The Formula 1 Car Analogy
I keep coming back to this comparison: running Opus 4.8 on everything is like using a Formula 1 car to drive to the grocery store.
The car is spectacular. It goes from 0 to 300 km/h in seconds. The engineering is extraordinary. But it burns through fuel at an insane rate, you can’t park it anywhere, it’s not built for stop-and-go traffic, and you’re dramatically over-specced for a 10-minute trip across town.
Most AI tasks are grocery store trips.
And the teams that are genuinely winning with AI right now have figured this out. They’re not asking “what’s the most powerful model we can use?” They’re asking: “What is the minimum capability we need to solve this problem well?”
That’s a fundamentally different question. And it leads to a very different architecture.
What a Smarter Model Portfolio Actually Looks Like
When you start thinking this way, you stop thinking of AI as a single tool and start thinking of it as a layered system. Different models for different jobs.
Here’s a rough mental model I use:
Small, fast models — things like Claude Haiku or a fine-tuned open-source 7B model — are perfect for high-volume, repetitive tasks where speed and cost matter more than nuanced reasoning. Classifying support tickets. Extracting structured data from a form. Flagging content for review. You run millions of these a day, and you want them cheap and instant.
Mid-tier models — Sonnet, GPT-4o-mini, and their equivalents — handle the bulk of the work that actually requires some intelligence. Drafting responses, answering moderately complex questions, generating and explaining code, summarizing long documents. This is where most of your production AI workload probably lives.
Frontier models — Opus 4.8, GPT-5, Gemini Ultra — are genuinely transformative for hard problems. Complex multi-step reasoning. Sophisticated code architecture. Deep analysis. Novel problem-solving. Tasks where being 10% better actually changes the outcome in a meaningful way.
The key insight is: most of your tasks are not frontier tasks.
And when you design your system to match the model to the task, something magical happens — your costs drop dramatically, your latency gets faster, and your system becomes more predictable and reliable. Not despite using smaller models. Because of it.
The Real Takeaway
I started this with a silly question about Mac Minis, but the answer points at something I think matters a lot right now.

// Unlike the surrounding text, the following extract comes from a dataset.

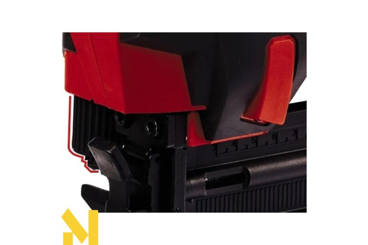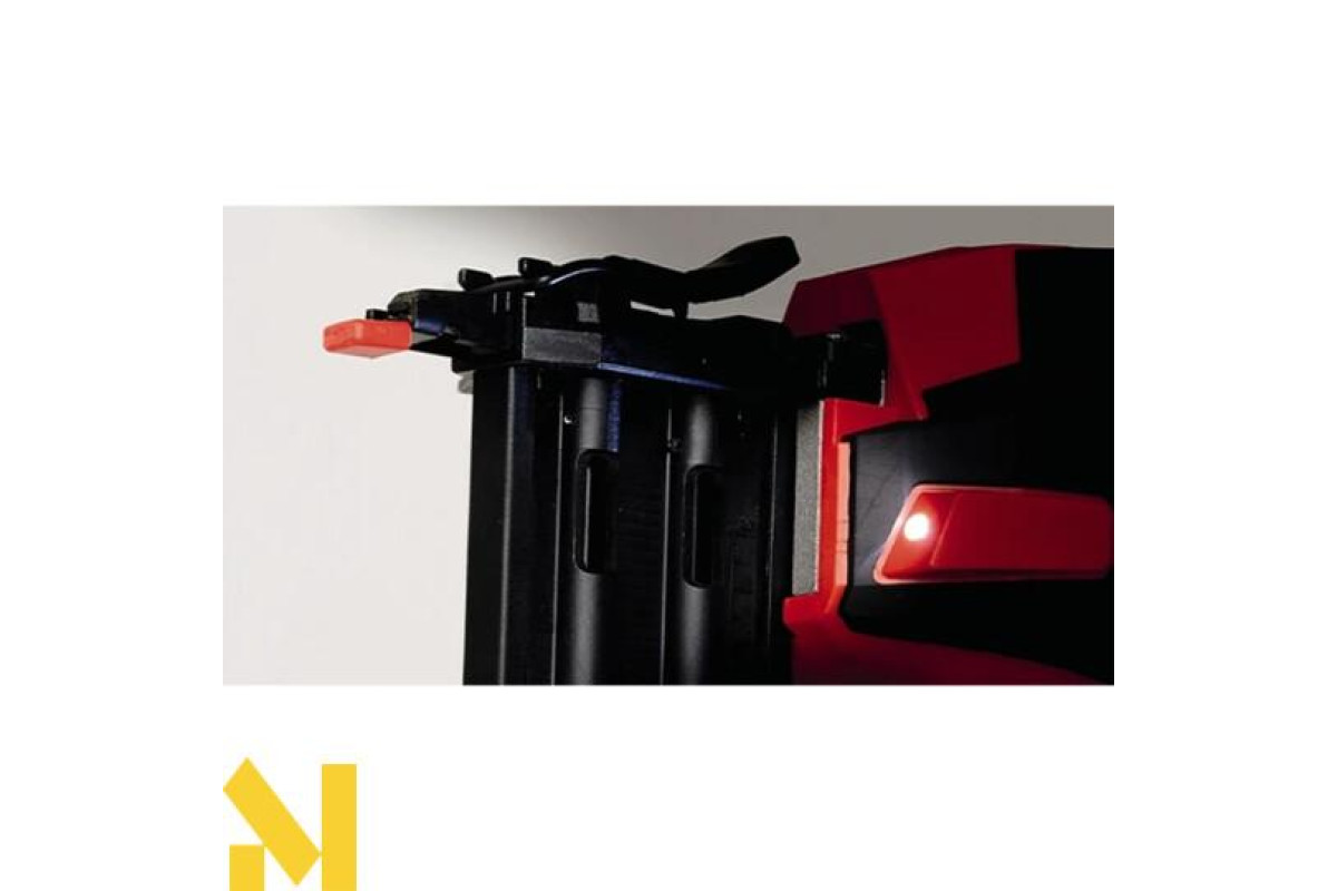 Акумуляторний цвяхозабивний пристрій можна використовувати з цвяхами завдовжки 15-50 мм і завширшки 1,0 мм. Тонка конструкція з прогумованими бічними поверхнями й ергономічною м'якою ручкою забезпечують зручне використання. Світлодіодне освітлення, вбудоване з обох боків корпусу, забезпечує оптимальне освітлення робочої зони.

We’re in a moment where AI capability is accelerating faster than most people’s ability to think clearly about when and how to use it. The default behavior is to throw the biggest model at every problem and call it a day. And I understand why — it’s fast, it works well enough, and it avoids the harder thinking.
But the teams building AI systems that will actually scale — that will still make sense economically in 12 months, that will perform reliably under real production load — those teams are doing the harder work of understanding their tasks deeply and matching the right tool to each one.
You don’t need 200 Mac Minis.
You need the right model, in the right place, doing the right job.